Question

Find all the values of:

a. (-i)^i

b. (-1)^i

please help we with this complex variable problem.

Answer 1

(a)
`(-i)^(i)=e^(i \log (-i))=e^(i (\log \lvert -i \rvert +i(\arg (-i)+2\pi n)))=e^{i(0+i(-(\pi )/(2)+2\pi n))}=e^{-(-(\pi)/(2)+2\pi n)}=e^{(\pi)/(2)-2\pi n`, where
`n\in \mathbb{Z}`

(b)
`(-1)^(i)=e^(i \log (-1))=e^(i (\log 1 +i(\pi+2\pi n)))=e^(-(\pi+2\pi n))`, where
`n\in \mathbb{Z}`.

Explanation:

Let's remember the definition of complex exponents.
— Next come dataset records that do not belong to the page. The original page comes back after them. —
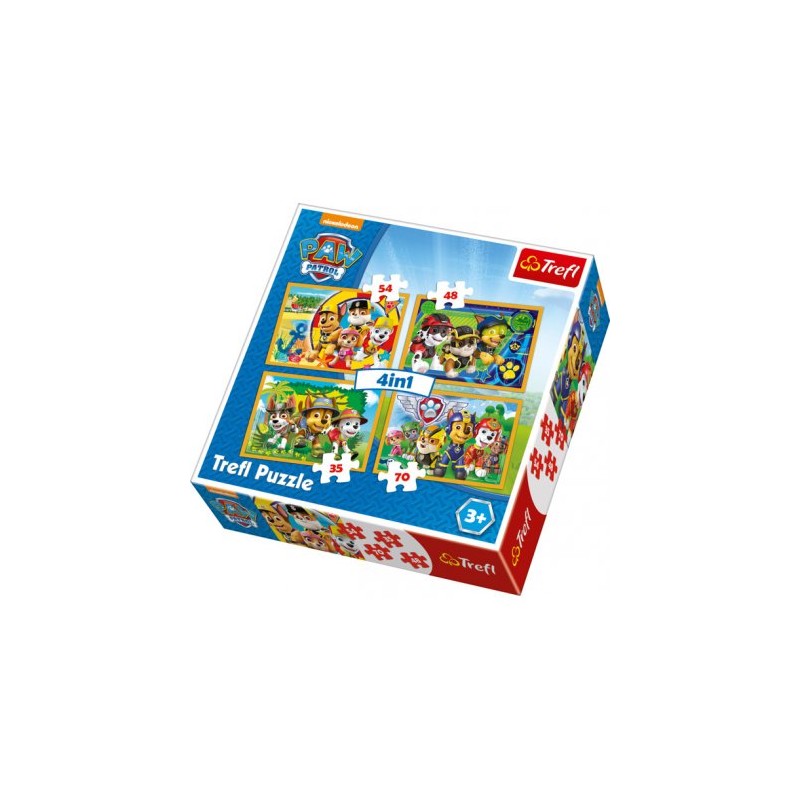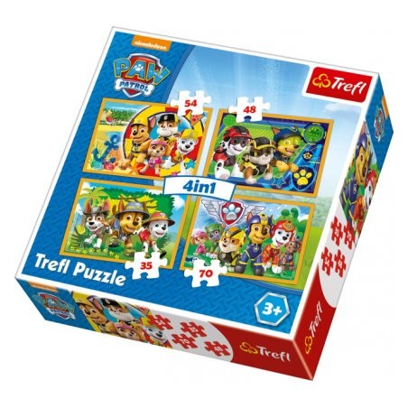 Puzzle 4w1 "Zawsze na czas" z bohaterami serialu "Psi Patrol" to cztery różne układanki. Każdy obrazek jest innej treści. Każdy z nich jest tej samej wielkości, różnią się jednak liczbą puzzli i wielkością pojedynczego elementu.
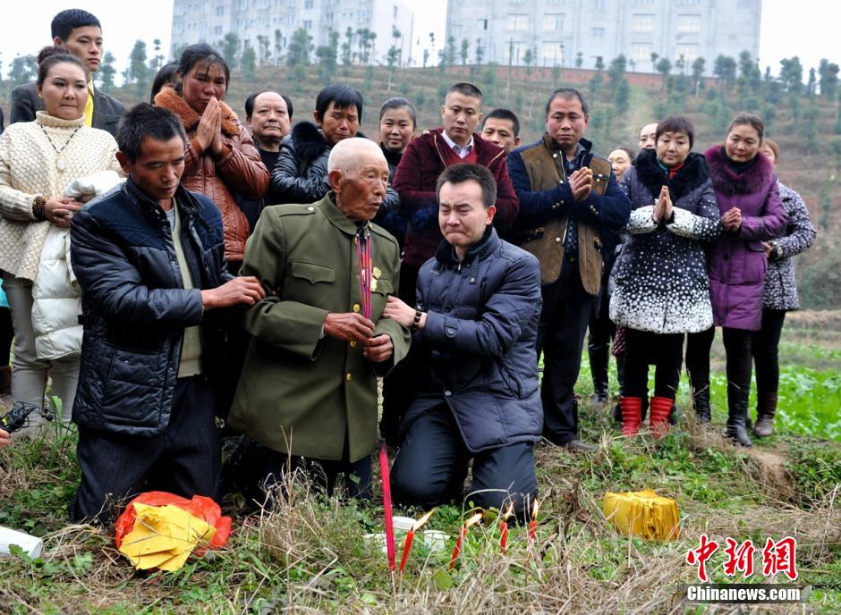 Zhang Tiliu, who was once named Liu Keqiang, was born in Songjiang, Meishan of China’s Sichuan province. During the Anti-Japanese War, he left his hometown to took part in battles in western Yunnan. After the victory of the war, Zhang Tiliu settled down in Tengchong, Yunnan province and has lived there since then. He finally came back to his hometown in Meishan and reunited with his family after 74-year separation. (Chinanews.com/Zhong Xin)
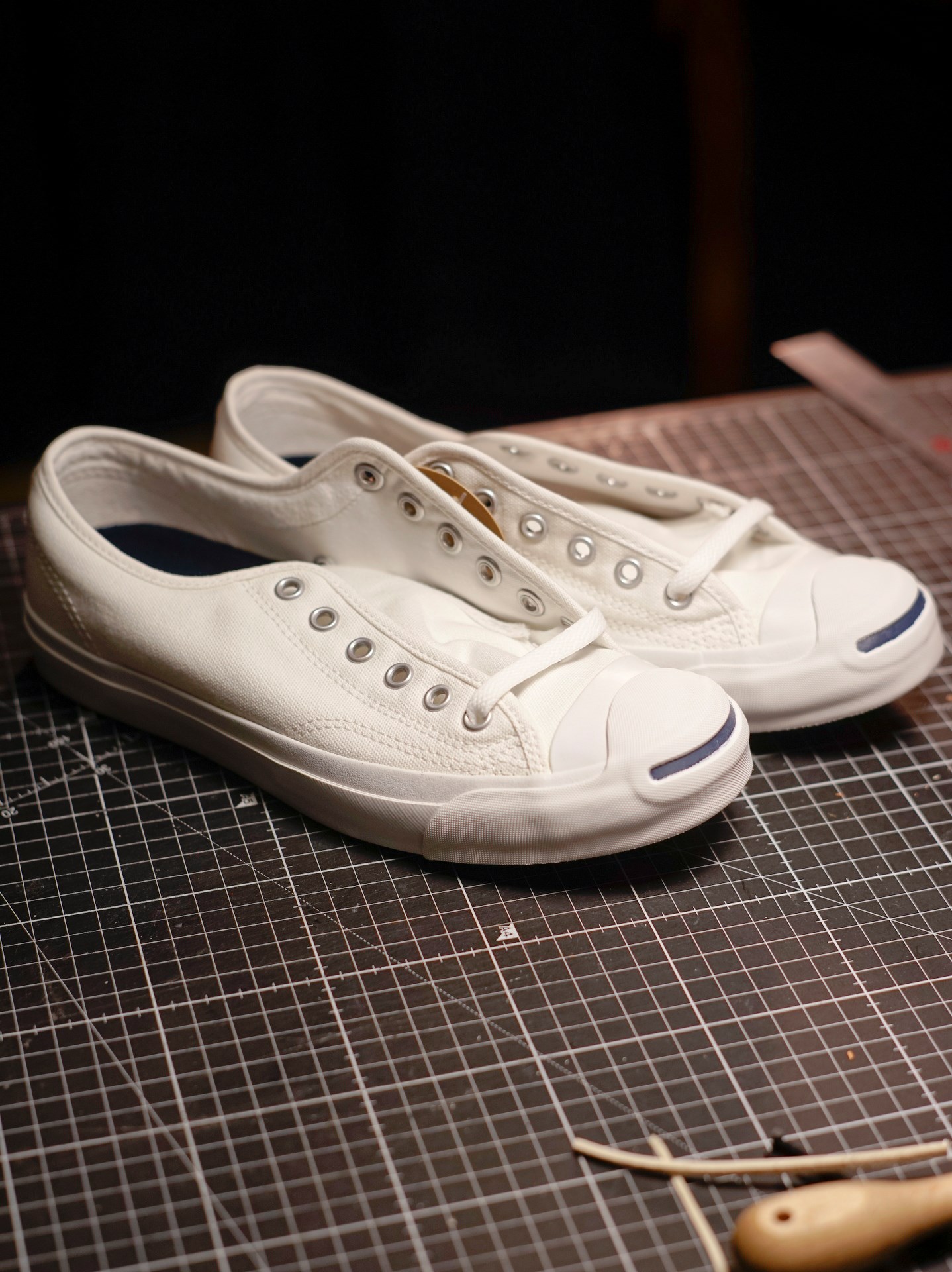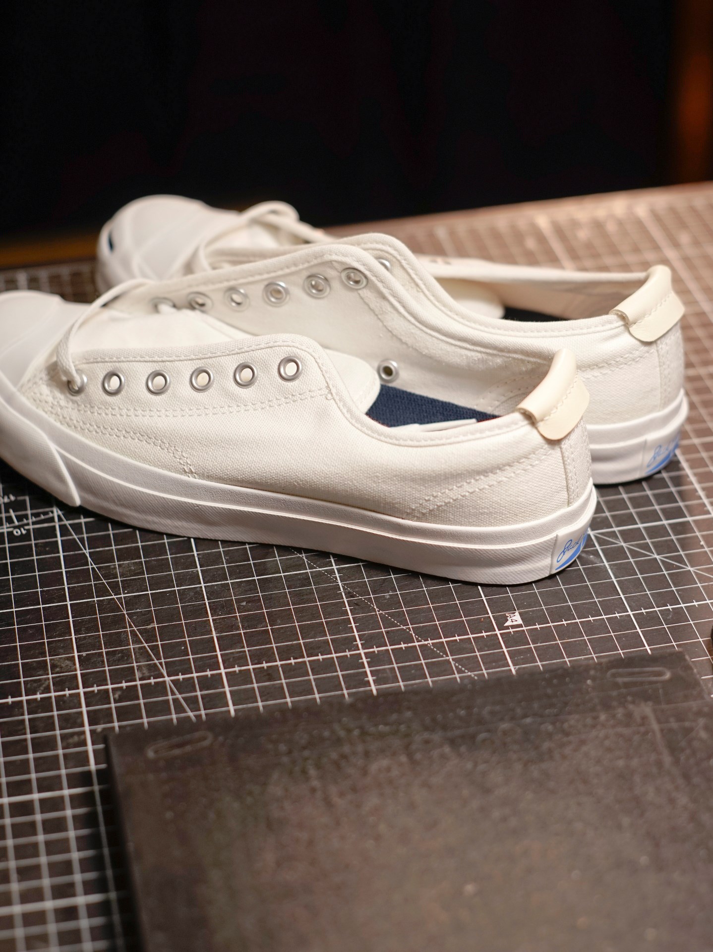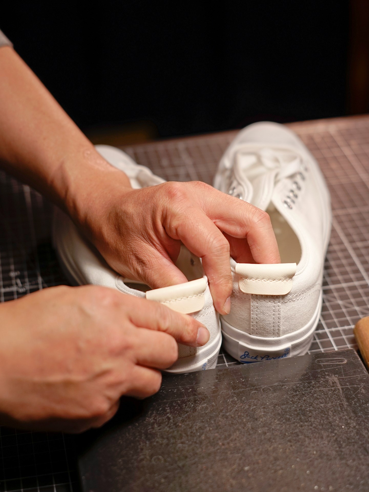 Aohige-kai is a special version of the standard canvas sneaker “Aohige” with leather parts for ease of use and reinforcement to compensate for the weak points of the standard “Aohige” (1) tear in the heel part and (2) drop in the tongue part.

If
`z` is a nonzero complex number and
`c` is a complex number, we define
`z^(c)` by

`z^(c)=e^(c \log z)`

Where the
`\log` function is the complex logarithm function. That is to say,
`\log z=\log \lvert z\rvert + i(\arg z+2\pi n)`, where
`n\in \mathbb{Z}`. With this in mind we can calculate the given powers as follows:

(a)
`(-i)^(i)=e^(i \log (-i))=e^(i (\log \lvert -i \rvert +i(\arg (-i)+2\pi n)))=e^{i(0+i(-(\pi )/(2)+2\pi n))}=e^{-(-(\pi)/(2)+2\pi n)}=e^{(\pi)/(2)-2\pi n`, where
`n\in \mathbb{Z}`

(b)
`(-1)^(i)=e^(i \log (-1))=e^(i (\log 1 +i(\pi+2\pi n)))=e^(i(0+i(\pi +2\pi n)))=e^(-(\pi+2\pi n))`, where
`n\in \mathbb{Z}`.

This are all the values of the given powers.